San Francisco, however, “sounded like a political broadside against a President who Gore no doubt feels occupies a post that he himself deserves.

But bitterness is not a policy position.”

Yet, watching Gore live, his speech seemed less marked by the bitterness of a candidate who believes he was robbed, than by the canny calculation of a poker player who believes he is drawing to a winning hand – but not until two more cards are dealt.

Had Gore signed on to Bush’s war, as Gephardt, Lieberman, and Edwards have done, how would it have availed him? Does TNR think that if U.S. Marines are patrolling Baghdad’s streets by spring, George Bush will share the glory?

Politically, no one can get to the Right of a president who, in Kevin Phillips’ phrase, makes Barry Goldwater sound like Mahatma Gandhi. The coming war on Iraq will be “Bush’s War,” and for the consequences of the peace, Bush will be held accountable.

Gore knows this. By offering Democrats a choice, not an echo, he shows some of the savvy of another candidate who believed the presidency had been stolen from him, and who gambled and won the White House in 1968: Richard M. Nixon.

Nixon used to counsel Republican candidates: Run to the right in the primaries and to the center in the general. In Gore’s party, the way to upend an establishment choice is the way George McGovern did it: Rally the Left. And the issue about which the Left cares most passionately is peace. Has Gore then become a McGovernite dove?

By no means. What he just did is preempt Vermont’s Howard Dean, an attractive antiwar candidate and Sen. John Kerry, who was moving to position himself as Bush’s leading critic on the war. As for Tom Daschle, he is in a box and shows it. The nation backs Bush, wants Congress to authorize war, and will punish those who refuse to give Bush the power to launch war. For Daschle’s Democrats to defy the president means the loss of both Houses in four weeks. But to vote for a war the Left opposes is to make them Poodles of Perle.

To save their seats, Democrats are resignedly signing on to a rewrite of the Tonkin Gulf Resolution, agonizingly aware that in 2004 their votes will be far less impressive than Gore’s defiance.

Yet, Gore’s speech was risky. The Israeli Lobby for which TNR is conscious echo has been among Gore’s strongest supporters. It is wild for war and exhilarated by the prospect of America smashing half a dozen Arab radical and rogue regimes as well as Tehran, Hezbollah and the Palestinian Authority.
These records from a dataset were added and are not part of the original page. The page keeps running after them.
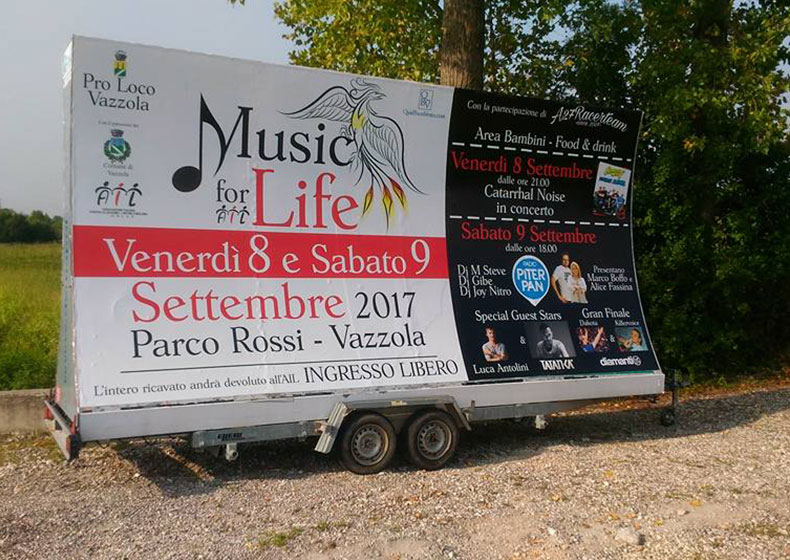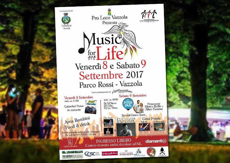 Guarito dal Linfoma di Hodgkin, Daniele Salatin, trentaquatrenne di Vazzola, si è reso conto che per poter garantire le cure necessarie alle persone colpite da questa malattia c’è bisogno di soldi. Essendo un gran appassionato di musica, ha deciso di chiamare artisti locali e dj che hanno fatto la storia delle discoteche venete, insieme a amici e associazioni, per festeggiare la sua guarigione e, al tempo stesso, aiutare chi deve affrontare la sua stessa battaglia. È nato così il primo evento MUSIC FOR LIFE AIL (2015), realizzato con l’aiuto della Pro Loco presso il Parco Rossi di Vazzola. La serata/evento iniziale ha riscosso subito grande successo: un migliaio di persone coinvolte e 1.600 euro devoluti al Reparto Ematologia dell’Ospedale di Treviso, dove Daniele è stato curato con il supporto dell’A.I.L.
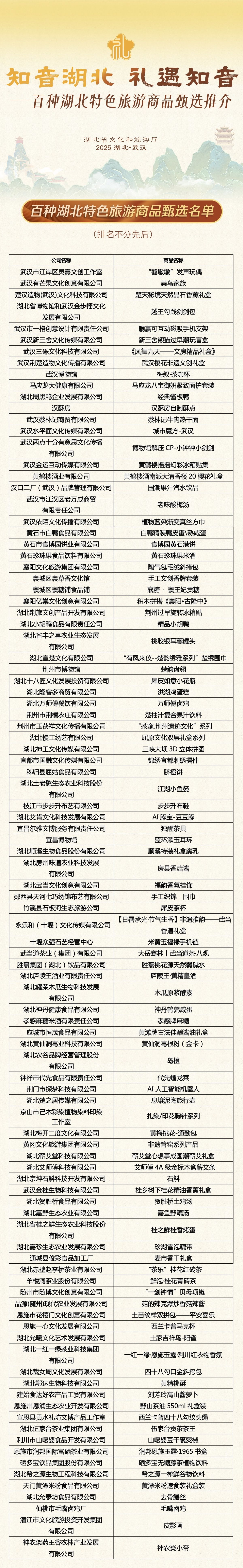 據(jù)悉,此次揭曉的百種商品將通過電商專區(qū)、景區(qū)專柜、文創(chuàng)精品店等多元渠道推向市場,為即將到來的元旦、春節(jié)旅游消費季預熱。這些商品既是湖北文旅的“移動名片”,更是推動文旅商產深度融合的重要載體。
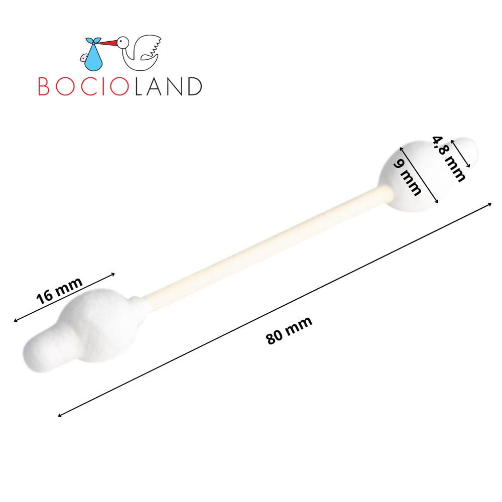 Taniej w zestawie!Bawełniane patyczki higieniczne z ogranicznikiem-do codziennej pielęgnacji okolic oczu, uszu, nosa oraz pępka niemowląt.
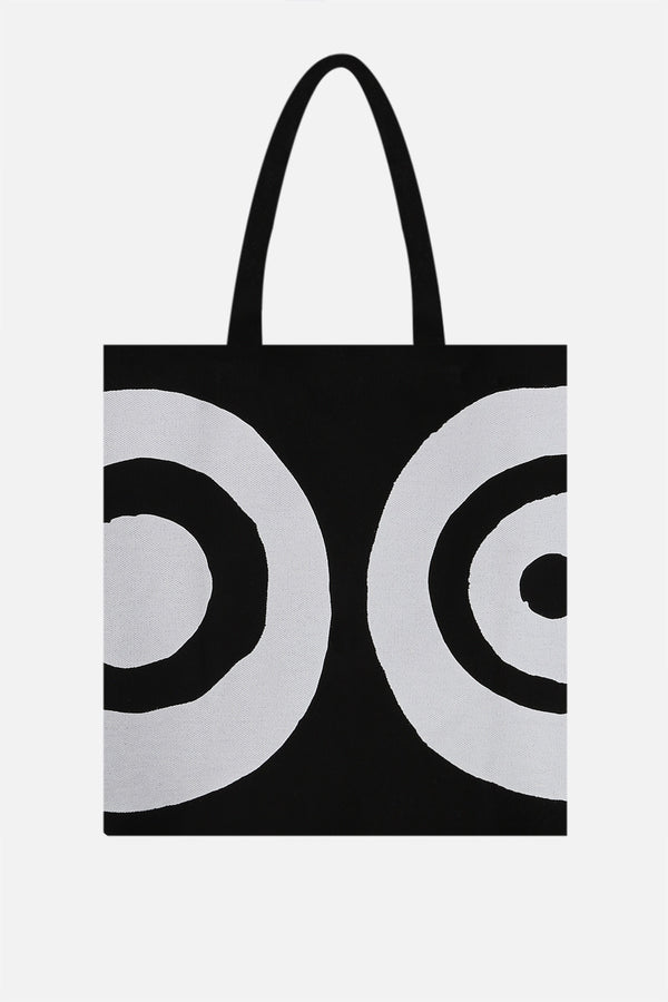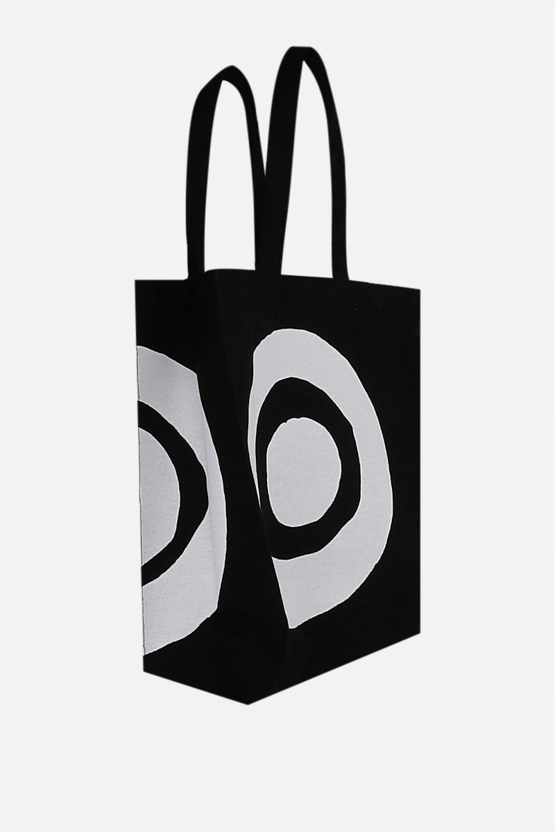 10 Corso Como's iconic shopping bag crafted in black cotton canvas with contrasting circles print. It features double handle and unlined interior.
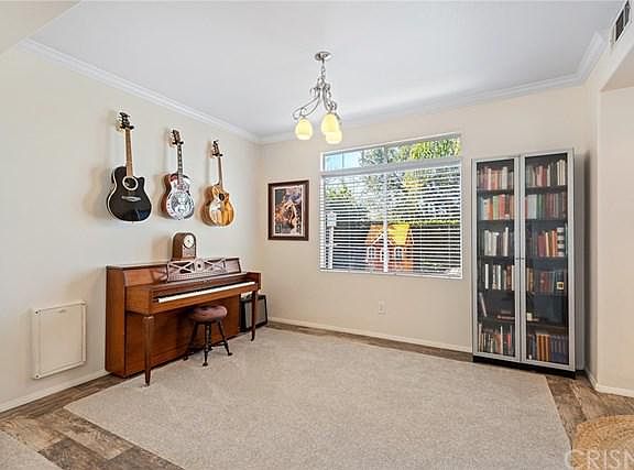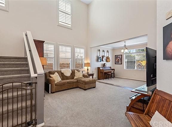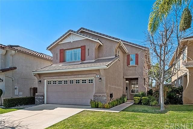 Welcome to Shadow Lane at Laurelwood Heights! This gate guarded Wood Ranch view home has over 1,900 sqft of living space and is located on a double cul-de-sac. Energy saving solar with Tesla Powerwall - all paid off! Spacious bright kitchen with stainless appliances (refrigerator), eating area, breakfast bar, all open to family room with a fireplace and a slider to the backyard. Designer plank tile flooring in kitchen and family room. Cathedral ceilings in formal living room. Powder room on the first floor. The master suite has amazing sunset views, master bath with dual sinks, soaking tub, shower, and a spacious walk in closet. Secondary bedrooms with an adjoining bath. Upstairs laundry room and includes almost new washer and dryer. Two car garage with direct access! Beautifully landscaped low maintenance backyard with patio, artificial grass, views, and privacy. Access to nearby community pool. Close to Wood Ranch Elementary, hiking trails, restaurants, and Wood Ranch Country Club.
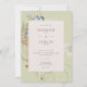 Announce your wedding with a touch of rustic elegance. Our captivating wedding invitation features a vibrant arrangement of wildflowers and ferns, meticulously hand-drawn and reminiscent of pressed botanical treasures. Rich colours like tan, yellow, cream, blue, and sage green stand out beautifully against a soft light sage green background frame. Your wedding details are showcased in a crisp cream text box, ensuring clarity and elegance. This captivating design captures the essence of a wildflower meadow, offering a unique and memorable way to celebrate your love story. Created by Simply Farmhouse Press.
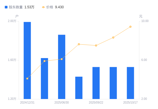 日期A股户数(户)流通A股户均持股数(股)户均持股市值(万元)2025-09-221528419517.5514.642025-09-151429420869.3315.922025-06-301860416034.529.782025-03-311620618407.1410.862024-12-311992214973.716.142024-09-302036514647.986.972024-06-302362112628.866.152024-03-312047614568.587.242024-02-082096114231.495.112024-01-202034514662.3810.34
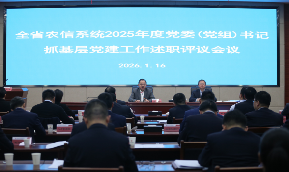 1月16日下午,省农信联社召开2025年度党委(党组)书记抓基层党建工作述职评议会议。省农信联社党委书记、理事长黄向阳同志出席会议并讲话,省农信联社领导刘胜军、谢扶民出席会议,省委金融工委组织处处长彭新理到会指导。
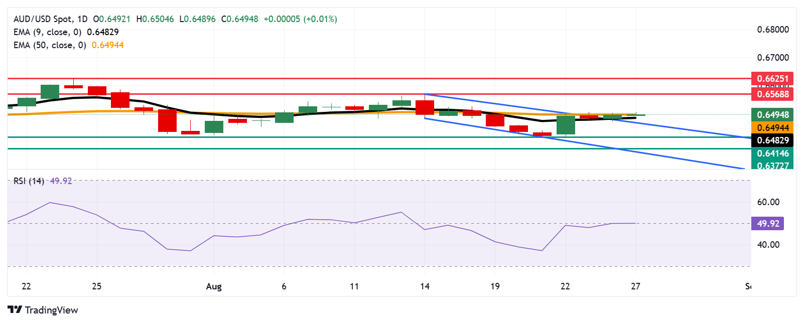 澳元/美元对在周三约为0.6500附近交易。日线图的技术分析表明,该对略高于下降通道形态,显示出看涨情绪的出现。此外,该对上方有九日EMA,表明短期价格动量正在增强。
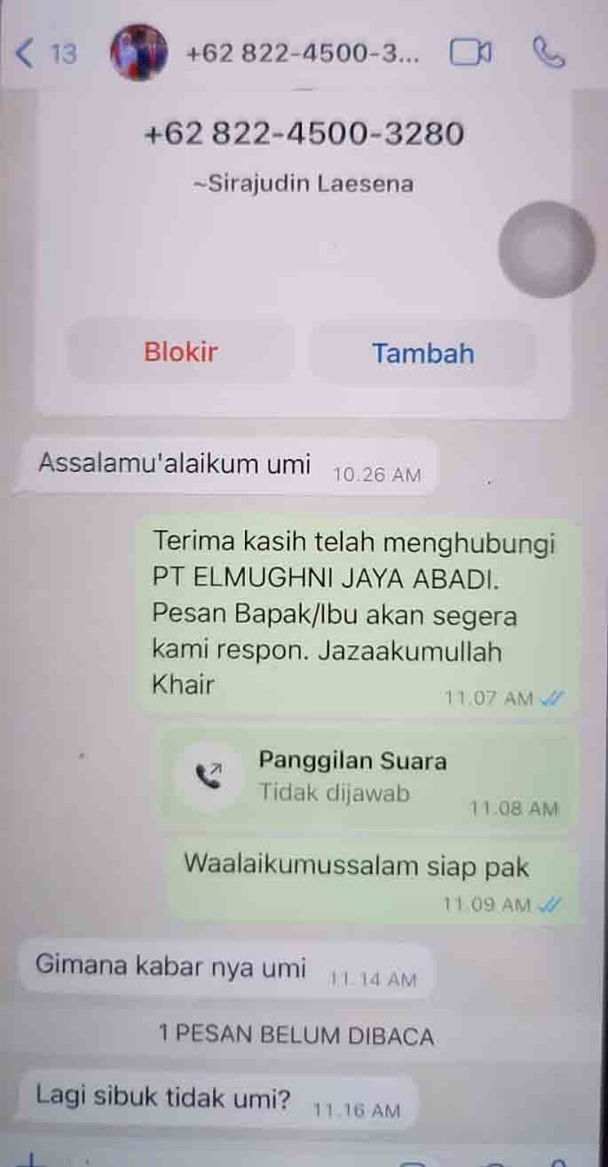 Seperti yang terjadi pada Senin tanggal 03 Juni 2024, nomor handphone dari provider telkomsel +6282245003xxx menghubungi salah satu Aparatur Sipil Negara (ASN) yang bekerja disalah satu rumah sakit di kota Gorontalo dengan menanyakan kabar, namun ketika di hubungi langsung tidak diangkat oleh nomor tersebut melalui akun whatsapp.
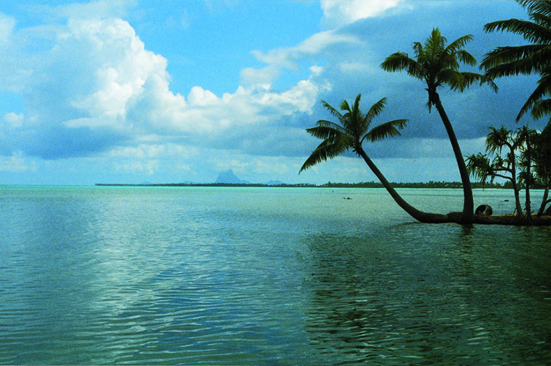 It comes to mind that I have not really covered a typical day on an island in paradise. As we drove around Raiatea it came to me just how foreign a way of life it would seem if I were back home. As we left Huahine, we could see Raiatea and Tahaa across the 26-mile channel. Then, as we were sailing across, we saw Bora Bora rising in the distance, another 18 miles farther on. When we entered the lagoon that surrounds Raiatea and Tahaa, we headed to the Moorings Marina, where we picked up a mooring. In the morning, we rented a car. It was raining and we needed some supplies, so we headed to town, and then drove around the island. As we drove, we watched the side of the road for certain trees. We got a stalk of bananas off a tree on the south side of the island, and then found a good papaya tree with some almost ripe fruit. When we stopped at a beach to check out a small island that was about 25 feet around (no kidding) and had three palm trees growing on it, we saw some coconuts and grabbed them. The only thing we didn’t find was any pamplemousse trees, and they are my favorite, but tomorrow is another day. After we drove around the island we headed into town to watch the start of an around-the-island bicycle race. Then it was back to the boat, where Jody made cookies and the rest of us kicked back and read. It’s a tough life out there.
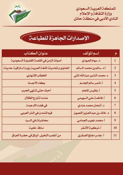 ونوه نائب رئيس النادي الأدبي الثقافي بحائل رشيد الصقري إلى حرص نادي حائل على أن تتزامن إصداراته مع معرضي الكتاب في جدة والرياض ليتيح للقراء اقتناء إصداراته المتنوعة ما بين السرد والشعر والدراسات الأدبية، كما يدعم الشباب بطباعة إنتاجهم وإقامة أمسيات للتحدث عن إصداراتهم، وأفاد الصقري بأن هناك حزمة من المخطوطات التي ستحكم وتصدر بعد هذه القائمة المعلن عنها.
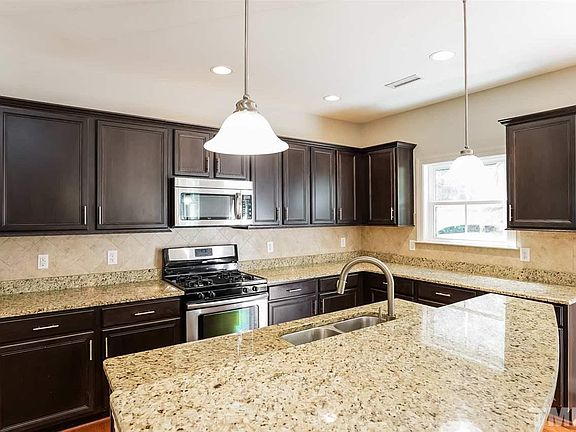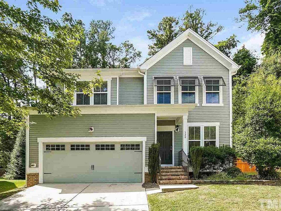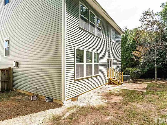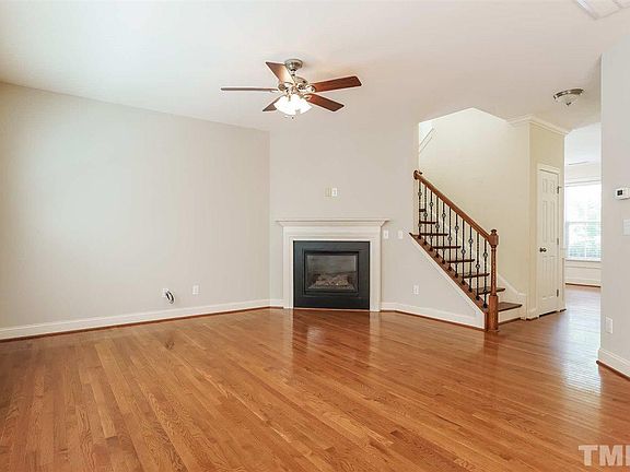 This Raleigh cul-de-sac home offers a loft, hardwood flooring, a fireplace, stainless steel appliances, a kitchen pantry, a walk-in closet in the master suite, a patio in the private backyard, and a two-car garage.
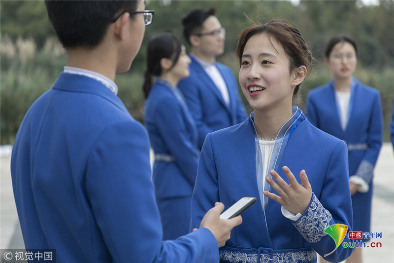 高顏值禮儀志愿者備戰(zhàn)第五屆世界互聯(lián)網(wǎng)大會
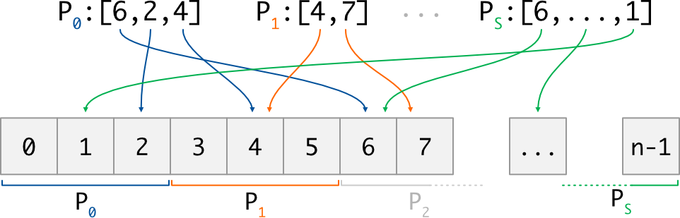 GlobalIndexerwhere each process can request access to several lists of global indices.We thus need to introduce the additional notations, which are local for each rank:
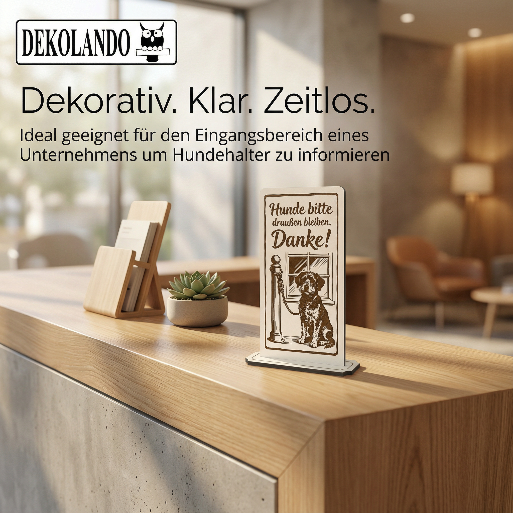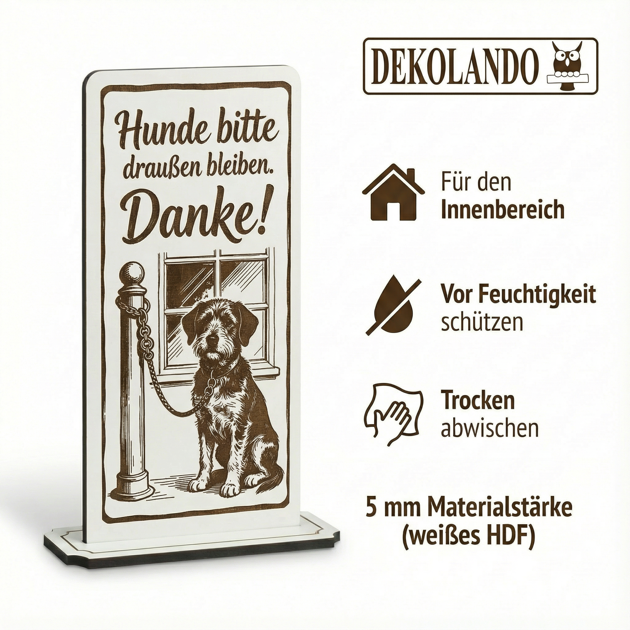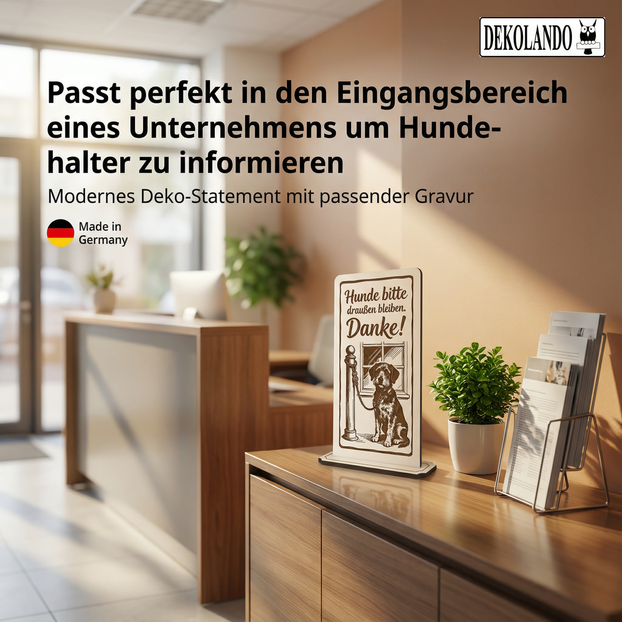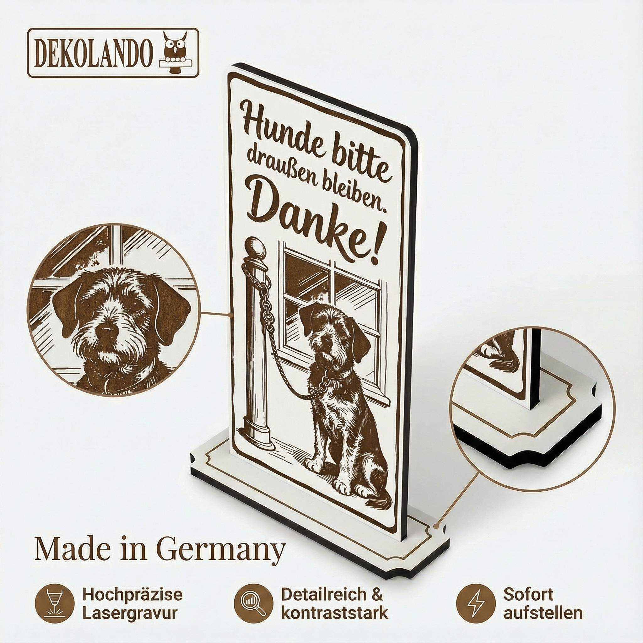 - MOTIV HUNDE DRAUßEN: Aufsteller Schild mit Gravur „Hunde bitte draußen lassen“ – ideal für Eingang, Lebensmittelbereich, Ladenfront oder Restaurant.
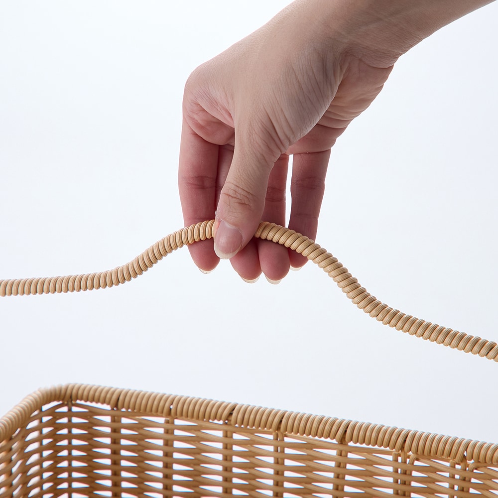 ●天然ラタンのような風合いを持つ、ささくれのない樹脂製素材です。
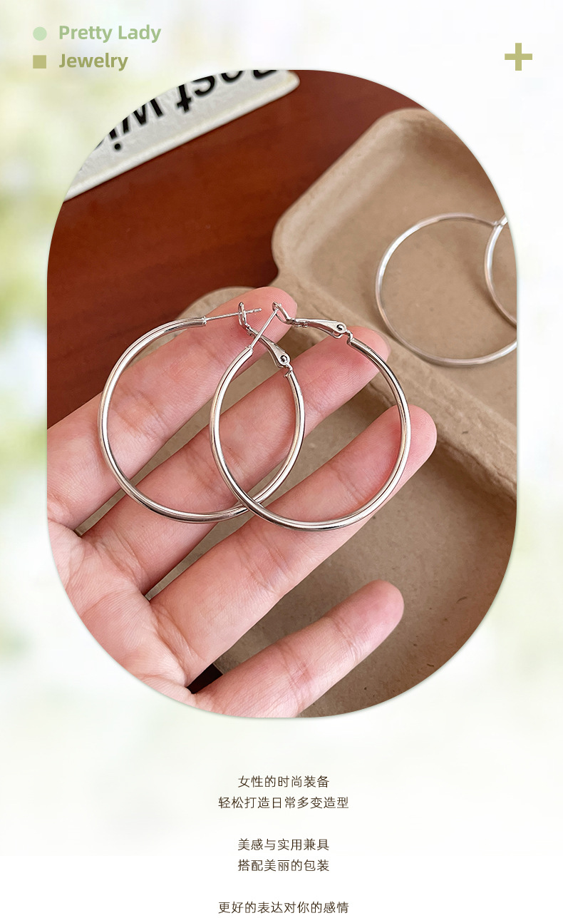 Серьги в холодном стиле, простые геометрические круглые серьги из серебра для женщин, преувеличенные повседневные серьги
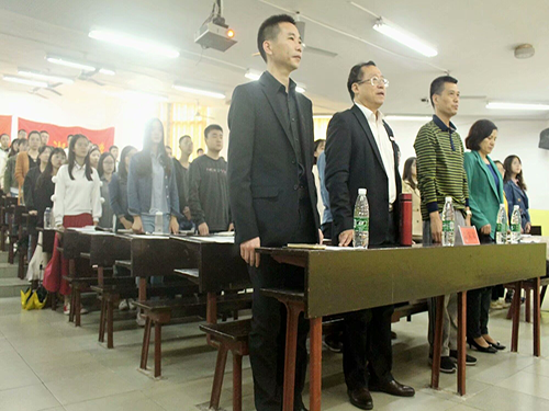 党委书记赵猛老师、外国语学院党委书记罗益花老师以及培训班班主任、学院专职组织员老师和党员发展对象全体成员。本次活动由外国语学院党委副书记陈娟老师主持。

Moreover, the Democratic Leadership Council is surely appalled to see the party front-runner cede to George W. Bush the patriot card in 2002.

But Al Gore is not running in 2002. He is running in 2004, and while there is a near certainty the United States will crush Iraq and Bush could be at 90% again in six months, in 2004, it will not be America’s victory people are talking about, but the complications and costs of America’s empire. While there is irrational exuberance today about “democratizing” the Islamic world, this enterprise is about as likely to succeed as was LBJ’s grand scheme to “build a Great Society on the Mekong.”

Gore’s opposition to preemptive war has already begun to pay dividends. Edward Kennedy and Bill Clinton have taken the same stand, giving Gore the aspect of a leader, not a loner. Critics who derided Gore for deferring to consultants now credit him for courage and independence. And the Hollywood Left, whose cash and concerts are crucial when campaign reform takes hold, has been impressed by Gore’s break with Bush on the peace issue.

As war looms, look for Gore to move patriotically beside Bush as Commander-in-Chief, while dissenting from the First Diplomat on his failure to create a great war coalition. And when the war is won and “sorrows come…not single spies, But in battalions,” look for Gore to challenge Bush for squandering the sacrifices of our fighting sons, as another former vice president did in 1968.